House Bill 17-1220, places limits on the number of marijuana plants that can be possessed or grown on a residential property. Large residential marijuana grows and the manufacturing operations they often bring with them have many consequences, including obvious health and safety concerns, an increase of both human and automobile activity, extensive odors, and potential stigmatization of adjacent properties. All of which are inconsistent with residential neighborhoods. CAR worked with the Governor’s office and other stakeholders to decrease the marijuana grey market and its effects on real estate. The bill will be signed by the Governor.
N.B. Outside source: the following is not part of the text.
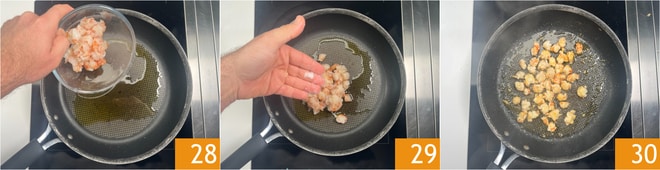 En una sartén calienta el aceite y añade los langostinos 28, ajusta de sal 29, déjalos dorar durante unos 5 minutos 30 y transfiérelos a un bol.

- First the bill, maintains local control. If your local jurisdiction has a plant count ordinance, that law is the ruling authority
- If there is no local law, then the new statewide plant count is limited to 12 plants in or on a residential property
- However, for those local jurisdictions that do not have a local plant count limit, the statewide limit of 12 plants can be increased to 24 plants if the medical marijuana patient or caregiver registers with the state licensing authority, provides notice to that local jurisdiction and follows any local jurisdiction disclosure and inspection requirements pertaining to their cultivation of marijuana plants.
CAR supported this legislation because large residential grows can interfere with a homeowner’s quiet enjoyment of their most sacred place, their home. Further, the current medical marijuana grow regulations do not respect the financial investment residential property owners have made in what is often their single largest investment, their home.